A public art exhibition ‘City for All?’ has finally reached Delhi after traveling through Jaipur, Chandigarh, Ahmedabad, Pune and Bangalore. It endeavors to make public spaces in Indian cities more accessible to women, non-binary and transgender people by engaging the masses in public art projects. The inauguration was recently held at Bikaner House in presence of Dana Purcarescu, Deputy Chief of Mission, Embassy of France in India. It marks the culmination of a week-long series of mapping and walks in different neighborhoods of Delhi and of the 6-week pan-India tour of the project.

“Over the past week, by interacting with thousands of people in the 6 cities, we have come to learn what are the truly inclusive and open-to-all spaces in each city. Surprisingly, these differ from city to city. While Pune has its local hills ‘Tekdis’, Bangalore has its lakes as important public spaces which are unfortunately fast disappearing. Delhi is a city of monuments which are emerging as the most popular spots for people from diverse backgrounds. India Gate is everyone’s favorite public space here in Delhi, which used to be accessible even at night for women due to its street vendors before it closed for the Central Vista construction.
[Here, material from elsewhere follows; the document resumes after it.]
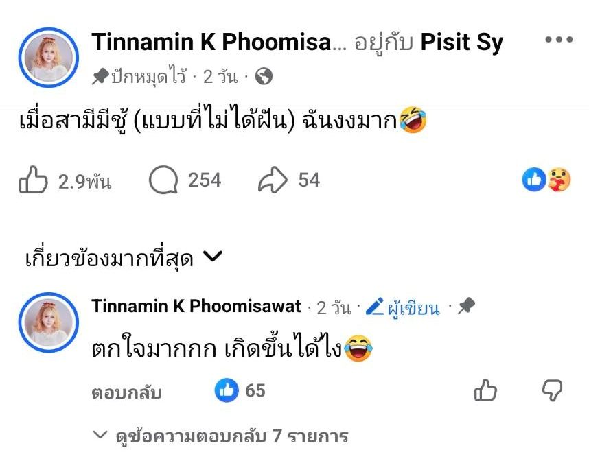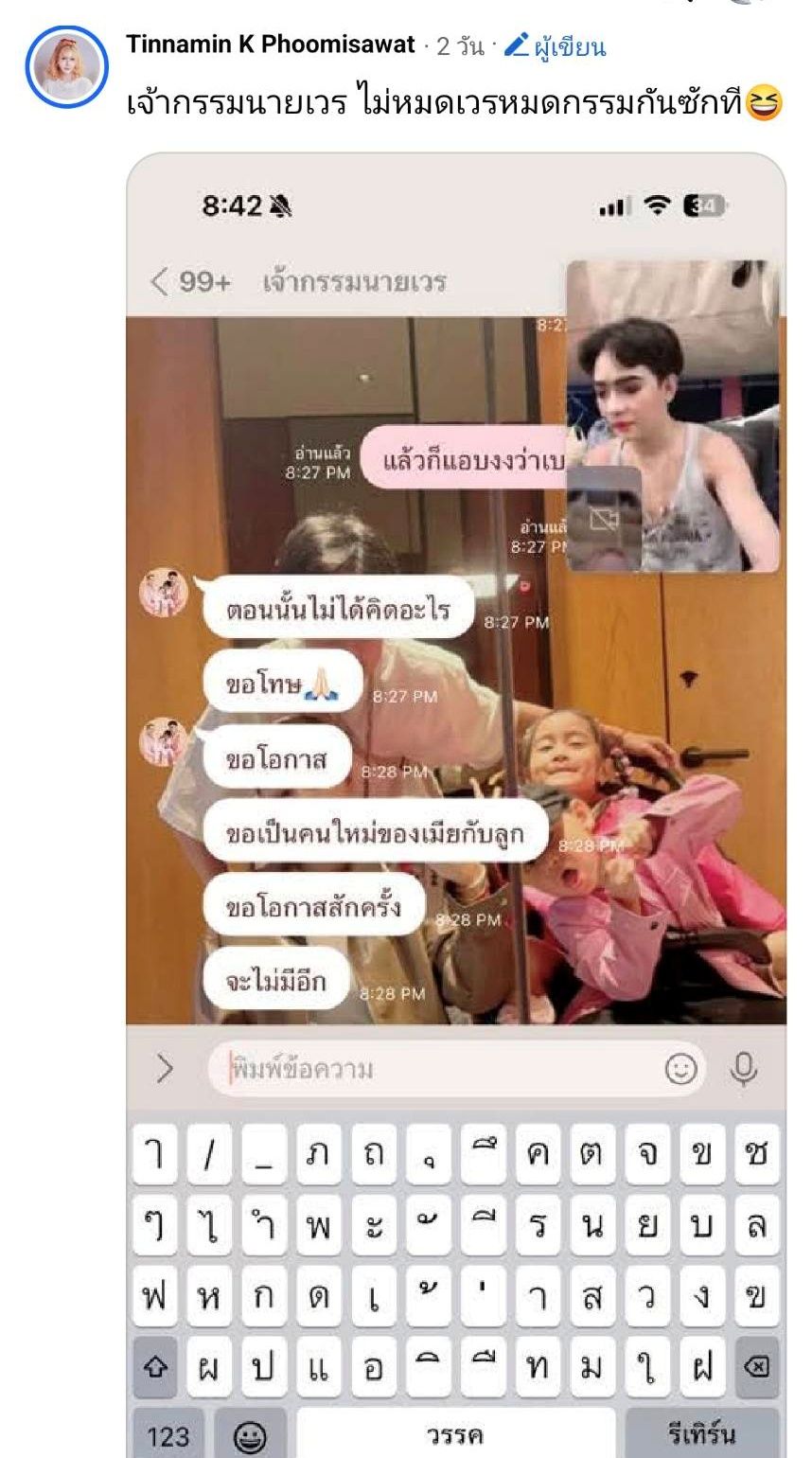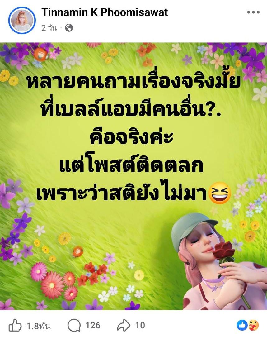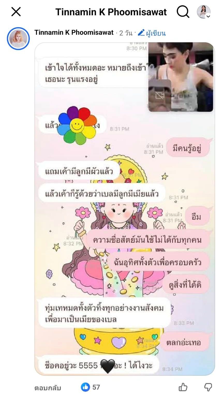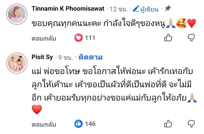 นอกจากนี้ เบลล์ อเนกลาภ คอมเมนต์ใต้โพสต์ของภรรยาด้วย โดยบอกว่า “แม่ พ่อขอโทษ ขอโอกาสให้พ่อนะ เค้ารักเทอกับลูกให้เค้านะ เค้าขอเป็นผัวที่ดีเป็นพ่อที่ดี จะไม่มีอีก เค้ายอมรับทุกอย่างขอแค่แม่กับลูกให้อภัย”

While Sukhna Lake in Chandigarh is a similar kind of a public space in Chandigarh, in Jaipur it turned out to be Amer Fort,” explains Swati Janu, who is an architect and artist.

“However, spaces which feel open to all and safe can often end up excluding many. Transgender people spoke about how most beauty parlors don’t entertain them and often malls end up denying them entry due to their gender. Basic facilities such as toilets and reserved space in buses, trains can go a long way in including transgender people in our public spaces while also supporting in representation and identity. Several women opened up about how temples are the only public space they feel they are ‘allowed’ to go to. By bringing these conversations to the fore, we hope we can create more public awareness on gender inclusion in cities,” adds Janu.

At the inauguration in New Delhi, visitors witnessed novel and practical solutions that can make public spaces more accessible to women, non-binary and transgender people. They attended a curated walk with Swati Janu, an open mic session on gender and sexuality with local poets as well as an Astro night sky tourism session.


Over the week before the exhibition, a pin-up map of the city had been traveling across 6 Delhi neighborhoods. The chosen neighborhoods are socio-economically diverse to allow people from different backgrounds to partake in the activities. All 30 maps created in the project over the past 5 weeks from Jaipur, Chandigarh, Ahmedabad, Pune, Bangalore are being exhibited alongside the 6 from Delhi. Accompanying them are dialogues and stories that emerged from each Delhi neighborhood.

‘The City for All?’ like all Bonjour India’s events are open to all. At the end of the exhibit in Delhi, it will travel to Lyon, France as well to create similar conversations there, bringing France and India closer on the important issues of gender equality and inclusion in city design.